■ Work task
Below are the records; retype them exactly and omit each picture.

Task material START

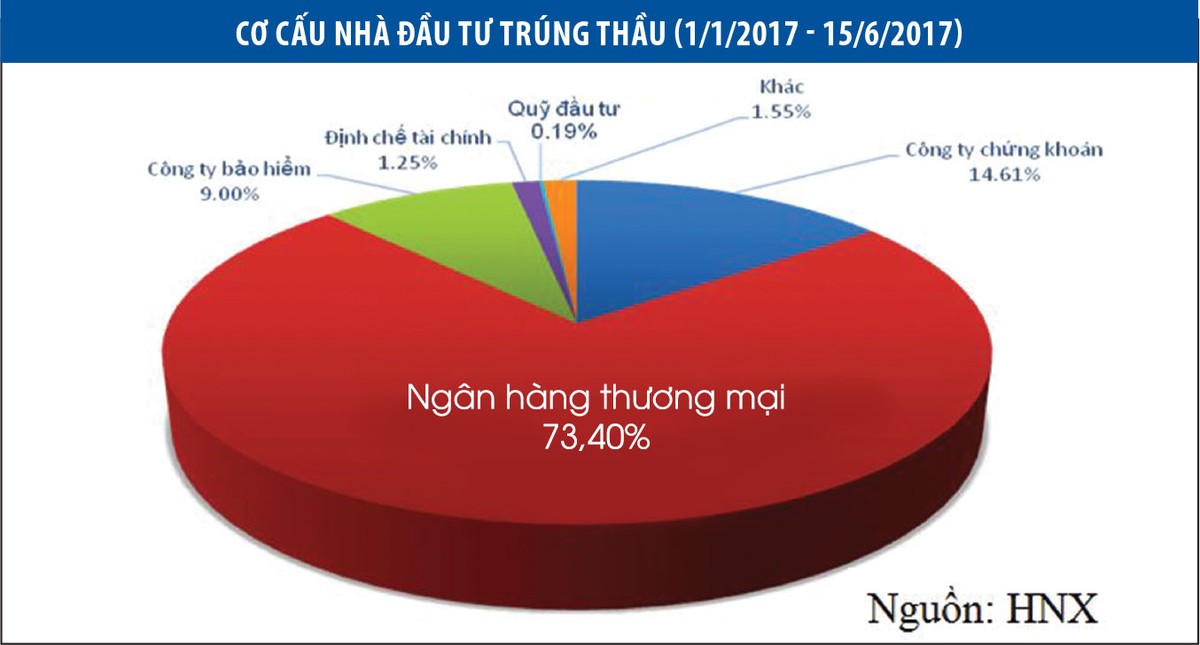 Diễn biến đáng chú ý trên thị trường trái phiếu 6 tháng qua là cơ cấu nhà đầu tư có sự thay đổi theo chiều hướng tích cực. Theo dữ liệu tổng hợp của HNX, tuy nhà đầu tư mua trái phiếu chính phủ chủ yếu vẫn là các ngân hàng thương mại, nhưng tỷ trọng mua của nhóm nhà đầu tư chủ lực này có xu hướng giảm từ mức 82,28% trong năm 2016 xuống còn 73,4% đến thời điểm này. Trong khi đó, tỷ trọng mua của khối công ty bảo hiểm có xu hướng tăng rõ rệt khi chiếm tới 9%.
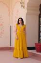 Color :- Yellow Fabrics :- Faux Georgette Work :- Sequins Multithreaded Beads Embroidered work Size :- M(38''),L(40''),XL(42''),XXL(44'') Length :- 56 Inch Lining :- Cotton (Full Inner Top To Bottom) Sleeve :- Sleeveless (Shoulder Double Frill Stitching) Neck :- V Neck Stitching :- Frill Stitch"
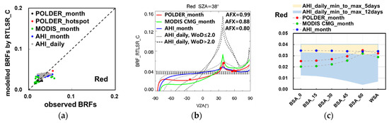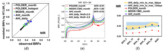 In the principal plane [Figure 6b,e], only the POLDER data have captured hotspot observations at two angles with VZAs (i.e., 33.9° and 40.3°) close to the SZA of 38° as well as small RAAs, while there are no data among the high-quality monthly accumulations for MODIS and AHI. The BRDF shapes that were retrieved from the monthly data of the three sensors are similar to the AFXs, and the results of concurrent MODIS and AHI data in July 2020 show a high consistency in the NIR band. The modelled BRDF shapes from the daily accumulated AHI data with large WoDs (i.e., >2.0) are shown as black dashed lines, and some of them present an obvious difference from the results of the monthly accumulations, especially in the red band. Therefore, the accumulated AHI multiangle data that gain large WoDs are not recommended for further use following quality control of the MODIS BRDF parameter product [7]. In addition, in the Ross-Li model inversion from the AHI multiangle observations, some inverted kernel coefficients only contained anisotropic scattering, while the results for volumetric and geometric-optical scattering are zero. This situation occurs more frequently in the red band (eight days) than in the NIR band (three days) among all 12 days, which leads to constant bidirectional reflectance fittings that are generally close to the results from the monthly data (i.e., blue lines).
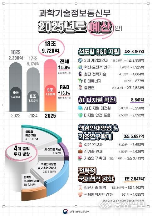 충청일보 김은경 기자 | 과학기술정보통신부는 2025년도 정부 예산안 및 기금운영계획안에 편성된 과기정통부 예산(안)은 총 19조원으로, 2024년 17.9조원 대비 5.9% 증가한 규모로 편성했다고 밝혔다.
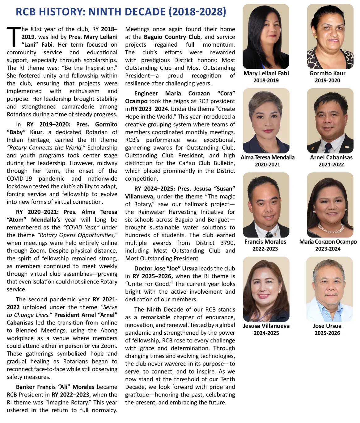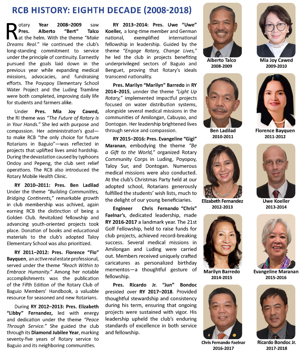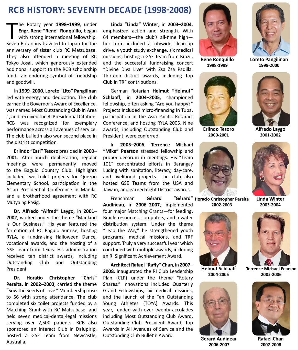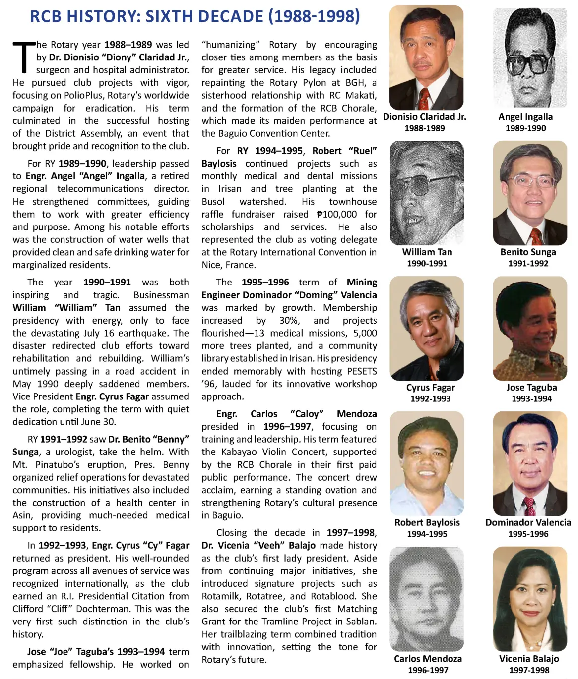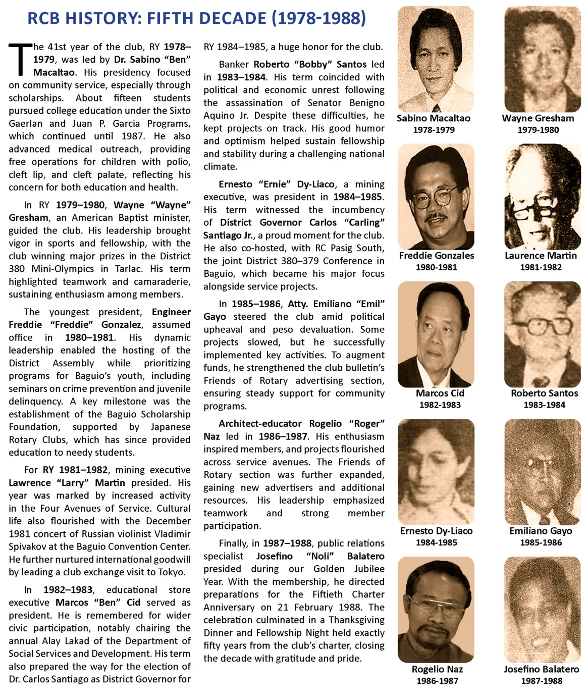 To emphasize our rich and illustrious past, our RCB History is being presented in the following by ten-year groupings, beginning with our Genesis. It is hoped that this system will make our website visitors more appreciative of our decade-by-decade transitions.

Task material END

■ Answer space
 Diễn biến đáng chú ý trên thị trường trái phiếu 6 tháng qua là cơ cấu nhà đầu tư có sự thay đổi theo chiều hướng tích cực. Theo dữ liệu tổng hợp của HNX, tuy nhà đầu tư mua trái phiếu chính phủ chủ yếu vẫn là các ngân hàng thương mại, nhưng tỷ trọng mua của nhóm nhà đầu tư chủ lực này có xu hướng giảm từ mức 82,28% trong năm 2016 xuống còn 73,4% đến thời điểm này. Trong khi đó, tỷ trọng mua của khối công ty bảo hiểm có xu hướng tăng rõ rệt khi chiếm tới 9%.
 Color :- Yellow Fabrics :- Faux Georgette Work :- Sequins Multithreaded Beads Embroidered work Size :- M(38''),L(40''),XL(42''),XXL(44'') Length :- 56 Inch Lining :- Cotton (Full Inner Top To Bottom) Sleeve :- Sleeveless (Shoulder Double Frill Stitching) Neck :- V Neck Stitching :- Frill Stitch"
 In the principal plane [Figure 6b,e], only the POLDER data have captured hotspot observations at two angles with VZAs (i.e., 33.9° and 40.3°) close to the SZA of 38° as well as small RAAs, while there are no data among the high-quality monthly accumulations for MODIS and AHI. The BRDF shapes that were retrieved from the monthly data of the three sensors are similar to the AFXs, and the results of concurrent MODIS and AHI data in July 2020 show a high consistency in the NIR band. The modelled BRDF shapes from the daily accumulated AHI data with large WoDs (i.e., >2.0) are shown as black dashed lines, and some of them present an obvious difference from the results of the monthly accumulations, especially in the red band. Therefore, the accumulated AHI multiangle data that gain large WoDs are not recommended for further use following quality control of the MODIS BRDF parameter product [7]. In addition, in the Ross-Li model inversion from the AHI multiangle observations, some inverted kernel coefficients only contained anisotropic scattering, while the results for volumetric and geometric-optical scattering are zero. This situation occurs more frequently in the red band (eight days) than in the NIR band (three days) among all 12 days, which leads to constant bidirectional reflectance fittings that are generally close to the results from the monthly data (i.e., blue lines).
 충청일보 김은경 기자 | 과학기술정보통신부는 2025년도 정부 예산안 및 기금운영계획안에 편성된 과기정통부 예산(안)은 총 19조원으로, 2024년 17.9조원 대비 5.9% 증가한 규모로 편성했다고 밝혔다.
 To emphasize our rich and illustrious past, our RCB History is being presented in the following by ten-year groupings, beginning with our Genesis. It is hoped that this system will make our website visitors more appreciative of our decade-by-decade transitions.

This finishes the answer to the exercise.